Logging in users via Zend_Auth without Sessions in PHP / Zend Framework
While sessions come in handy for many things, I like to avoid them for the sake of scalability. PHP itself uses a shared-nothing architecture, with only sessions needing special treatment.
Once you've got more than one web server, your options are to either use a custom session handler, a load balancer with IP affinity, the commercial Zend Platform with clustered sessions, or simply no sessions at all.
For the purpose of authenticating users, I use the Zend_Auth component, sometimes with custom adapters as an application may require.

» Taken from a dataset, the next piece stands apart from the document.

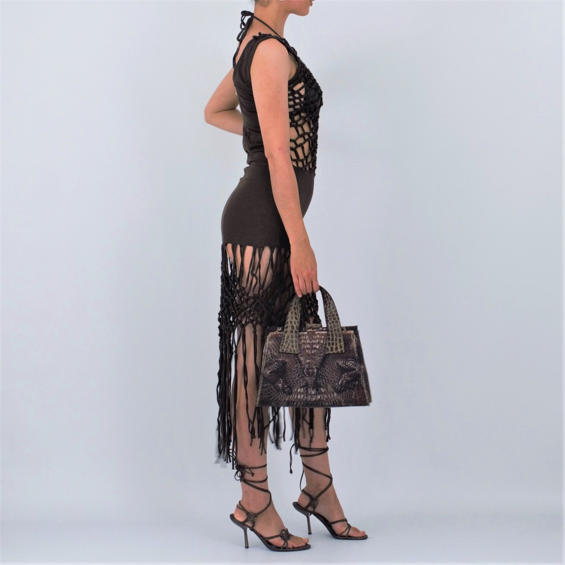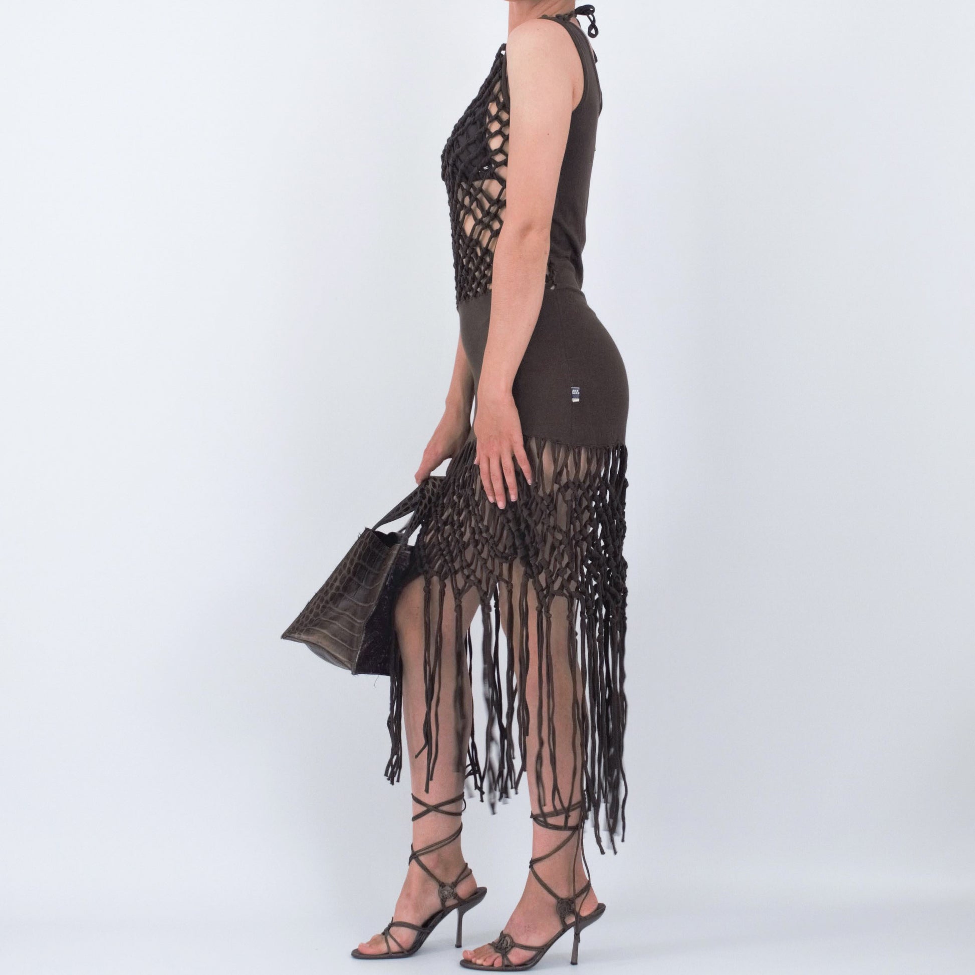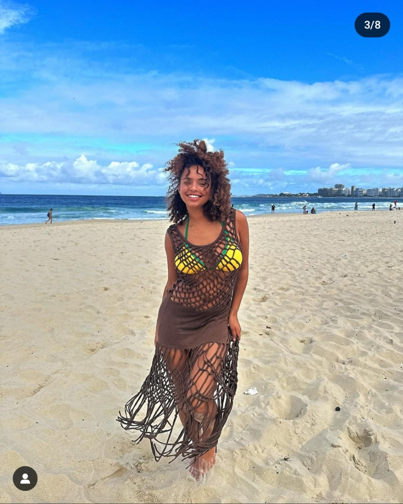 Item : Brown cotton net dress with fringe.

The issue at hand, however, is that Zend_Auth's default storage backend uses Zend_Session. Luckily it is super easy to write a different Zend_Auth_Storage_Backend that uses cookies instead. The one pitfall in this case is ensuring that malicious users cannot manipulate the cookie value in order to impersonate users or otherwise gain any kind of advantage. So we don't just store the identity that Zend_Auth throws at the backend, we also generate a salted hash that prevents tampered cookies from throwing us for a loop.
Aside from now being able to scale a web application in a clustered environment, there are additional side-effects, which may be seen as benefits. Sessions can expire. Even though the cookie containing the session id (in PHP the default is PHPSESSID) may still exist on the client side, the PHP's session garbage collector may have already cleaned up the actual session data file after a certain timeout period (the default is 1800 seconds, which is half an hour).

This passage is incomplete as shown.